No matter what methodology is used, there's no silver bullet to good execution. Lean doesn't assume anything about the team behind the product or their capabilities, it's simply a framework for bright entrepreneurs to gain real insight more quickly, in a manner that also happens to easily accommodate startups.

Myth: It devalues architecture

This is also a misinterpretation stemming from the idea that lean focuses on shipping the bare minimum required. Again, lean is a process for establishing actionable insights quickly. If your product support infrastructure requires a long build loop, then the full development cycle will naturally be longer also. But often, these decisions are prematurely made, and a company should not be building out an architecture prior to gaining customer validation. However, the lean startup method can be scaled to support products with robust architecture as proven by Palantir Technologies and Shutterstock.

What lean does force the company to make early choices about are exactly what architecture will be required to support the feature sets that are being shipped because of the customer validation. Because those features are tied to experiments and testable hypotheses, the architecture that is built is focused on providing the best experience possible to test those hypotheses.

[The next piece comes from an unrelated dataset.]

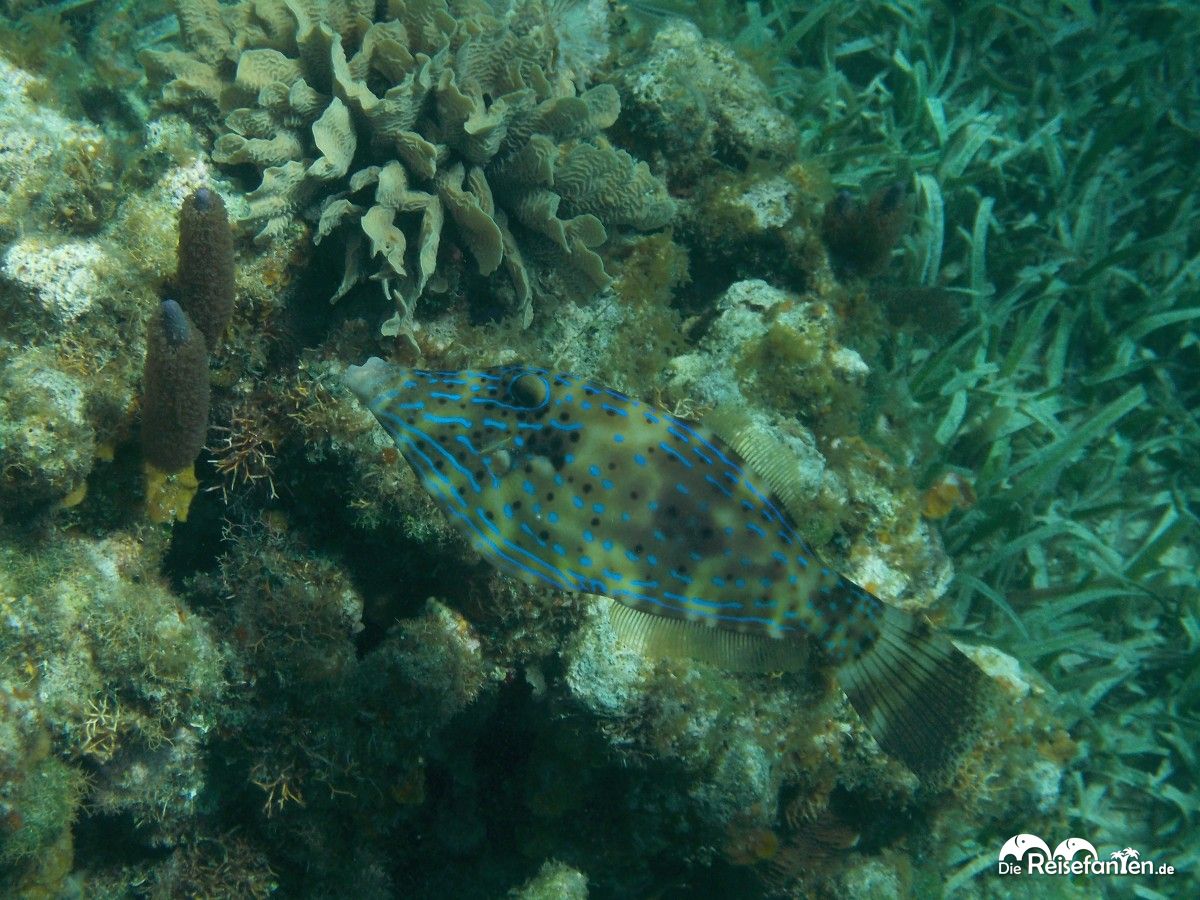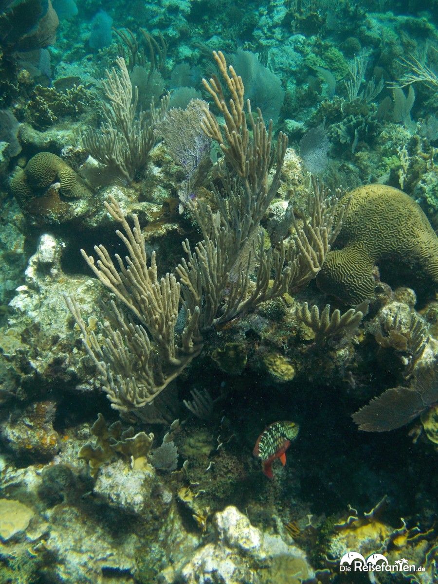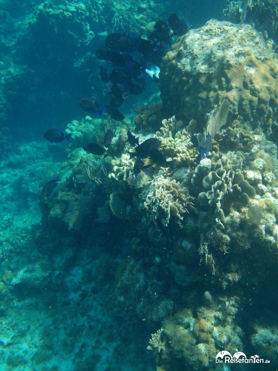 Schnorchelausflug mit dem Boot an der West Bay auf RoatanDie West Bay ist ein schöner, typisch karibischer Strandabschnitt und da hier hauptsächlich Hotelgäste am Strand verweilten, war zu unserer Zeit sehr wenig los. Kaum angekommen, wurden wir auch schon angesprochen, ob wir an einem Schnorchelausflug teilnehmen möchten. Für eine Fahrt zum Blue Channel inklusive Schnorchelstopp sollten wir 30 USD pro Person bezahlen. Da wir aber unsere eigene Ausrüstung dabei hatten, konnten wir den Preis pro Person noch auf 20 USD nachverhandeln und dann ging es auch schon los. Wir cremten uns noch schnell ein und suchten unsere Sachen zusammen und dann fuhren wir zusammem mit einer brasilianischen Familie und einem Guide zu unserer Schnorchelstelle. An der Schnorchelstelle angekommen, machte sich unser Guide ebenfalls bereit und kam mit uns ins Wasser. Die brasilianische Familie wurde noch mit Schwimmwesten ausgestattet, wir lehnten dankend ab. Sehr positiv war, dass kaum andere Boote vor Ort waren. Im Wasser folgten wir dann dem Guide und schnorchelten letztendlich eine Schleife zurück zum Boot. Etwas über eine Stunde dauerte unsere Schnorcheltour, auf der wir die brasilianische Familie ziemlich verloren (sie hielt sich dann hauptsächlich in Bootsnähe auf) und mit dem Guide alleine unterwegs waren. Er zeigte uns u.a. eine sehr große Muschel sowie bunte Fische. Insgesamt wirkte das Riff aber doch etwas verlassen, so dass wir uns bis heute nicht sicher sind, ob wir wirklich am bekannten Blue Channel waren.

Once problem-solution fit is obtained, that is the more appropriate time to begin planning an architecture to support the growing and anticipated needs for when you obtain product-market fit.

Myth: It leads to the wrong discussion with your investors

Having heard first hand accounts from my own company as well as many of my customers who are seeking funding, what investors want to see is a cadence of internal growth and learning within the founding team members. Real traction is found through validated or invalidated experiments that contribute to the key success metrics you are tracking. Differentiating from a startup that is really close to breakthrough from one that is not can't be done without the tracking and measuring that lean methodology bakes into the company.

This makes conversations much easier with investors, showing why a founder thinks the way they do about the direction they're taking with their product, and that they aren't simply going with their instincts alone. An experiment board should become a board of lessons learned, and should read like a novel to any investor wanting to get to know a startup better.

To me, this steers the conversations towards the right direction, not the wrong one. This is where companies which have real traction can easily differentiate from those that do not.

Myth: It distorts the Valley's hiring model in weird ways

The hiring model across the technology industry as a whole is hugely distorted because of the lack of trained talent in the industry (both from the private and public education sectors), and the incredibly high demand for good employees. The valley in particular has odd (acqui-)hiring practices that have nothing to do with lean, and more to do with an area and industry that is talent starved with capital to spare. Lean, agile, or any other methodology has very little to do with the systemic problems that cause the hiring practices mentioned in this myth.

Why Lean is often misunderstood

To be truly familiar with lean, as with all other skills, takes time, practice, and understanding. Observing from the outside is generally not enough. The great part about lean is that it is easy to try out, even internally inside an operational company.

Whether a company is starting from a blank slate or wants to tighten up its own initiatives that drive the business goals, I would encourage any founder or product manager to at least try creating a lean canvas. This will help in understanding some of the bedrock principles behind lean.

Lean is Good Business

The great part about all of this is that I've found that entrepreneurs generally think about these questions and answers intuitively anyway, and without any guidance, end up incrementally improving their products and value propositions. Lean helps entrepreneurs refine those hunches, create actionable hypotheses to test, and record learning for future decisions, all the while targeting key success metrics for the business. With lean, iterative improvements are grounded to key insights and objectives, and that just seems like good business to me.